This rapid pivot can, however, hurt your cash flow in the rest of 2020. Because the cost of these applications ticks over like an electricity meter, you might have unnecessarily inflated the cost of doing business, maybe by duplication of resources, maybe by buying too many licences, maybe by opting for the most expensive type of licence for an application like videoconferencing. “You need to identify software you’re not using,” Stockall warns. “If you don’t, you’re flushing money down the toilet.”
The sums are eye-watering. Flexera, a firm that optimises spending on IT, estimates that 35% of cloud computing spending is wasted. Quadrotech, a specialist in software licensing, surveyed its users and found that 15% of Microsoft 365 licences it paid for were not being used at all, and another 9% were used only for email.

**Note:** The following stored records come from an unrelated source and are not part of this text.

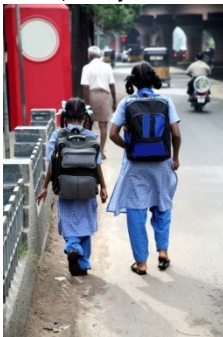
Light slow, easy movement
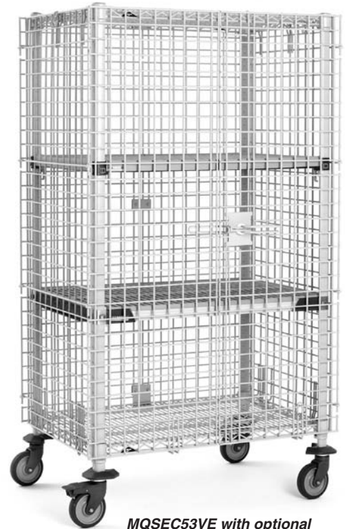
MQSEC53VE with optional intermediate shelves

Note: Leveling foot on post can be adjusted up to 1" (25mm) to compensate for uneven floors.
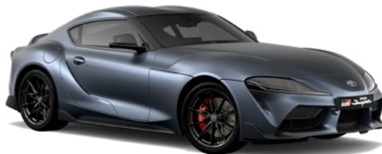
● Nurburg Matte Grey 4 D08
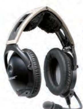
Bose Aviation Headset X 7087A $995.00
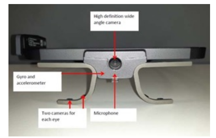
Figure 4. The eye movement tracking glasses of ISTLAB [9]

The human element, i.e., behaviour of the pilot and the officers on the deck of the piloted ship can be analysed in several ways. It is possible to record all control actions and the voice communication, and the whole exercise analysed afterwards. The operation of the pilot or the officer of the watch of the ship can be analysed also using eye movement tracking. Eye movement tracking reveals the importance and the usage of different items shown on the displays of the user interface of RPU and the ship's bridge. According the first tests in ISTLAB the usage of available information varies significantly during the pilotage process [9]. The eye movement tracking glasses if ISTLAB are shown in Figure 4.
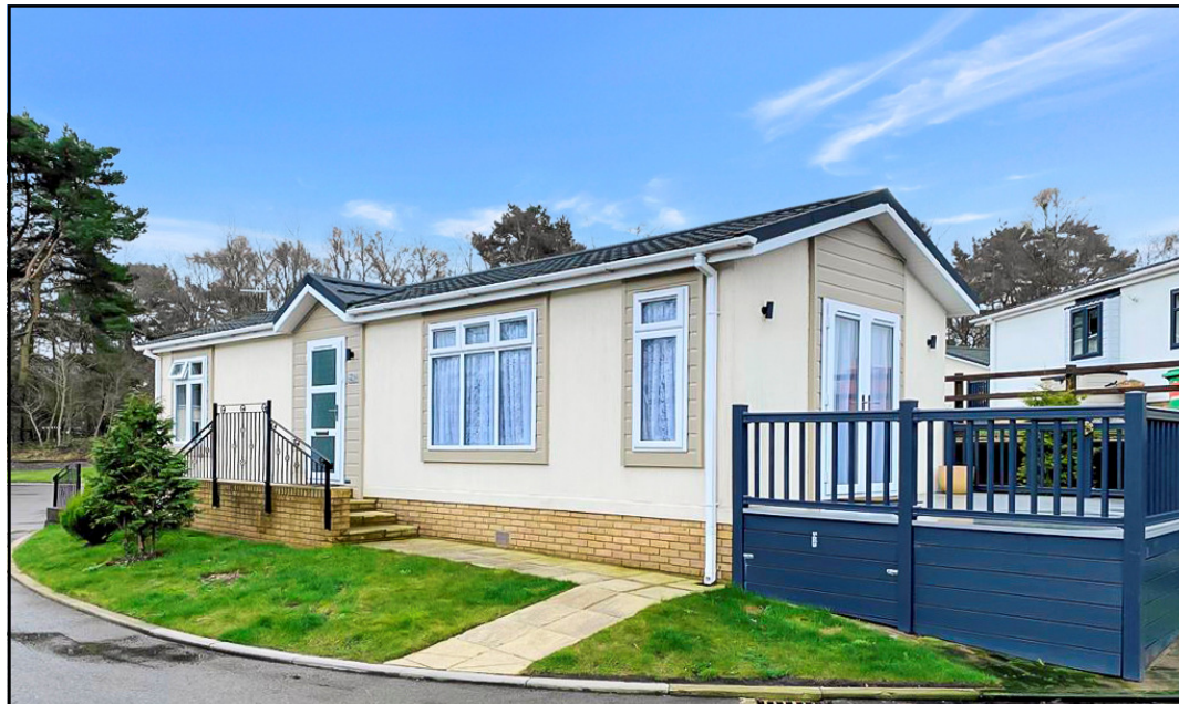
Stylish Modern Home with Large Raised Deck

2 Laburnum Drive, New Forest Glades, Matchams Lane, Christchurch. BH23 6DQ

Recently, Stockall worked with a client that discovered it had 70 different cloud accounts, all signed up for on business credit cards by employees who didn’t know that another department had already bought what they were looking for.
Snow Software, like Flexera and Quadrotech, is one of a new breed of company that specialises in helping businesses optimise the cost of their digital assets. But, even if you don’t call in the experts, Stockall recommends a post-lockdown on software spending until you have worked out what you have just bought.
“Are the skill sets of people who have been displaced going to match up well with requirements of jobs being created?” asks Robert Joyce, deputy director at the Institute for Fiscal Studies and head of its income, work and welfare sector. “Do we want to think about a labour market that can be more nimble and resilient to shocks?”
Flexible working, green technologies, putting IT in the cloud, different ways of manufacturing, and a thousand other adjustments mean that the workforce we may need in the future will be different. The danger is that the expected two million freshly unemployed people in 2020 will have skills that make it hard for them to get back into good jobs.
And so we are entering a period of what economists drily call “labour market adjustment”, which basically means a lot of people will need to find new careers, and that people who do hang on to their jobs must learn new skills. Meanwhile, productivity is stagnant. Joyce’s flexible labour market will mean that existing jobs will have a much greater focus on skills development, because it’s usually more efficient to upskill an employee in a scarce skill than look for a new one.
While the government has promised a retraining ‘revolution’, we don’t yet know what incentives will be offered, and whether they will be to employers, employees, or the unemployed. But we do know that a recovery depends on everyone taking this problem seriously, starting today.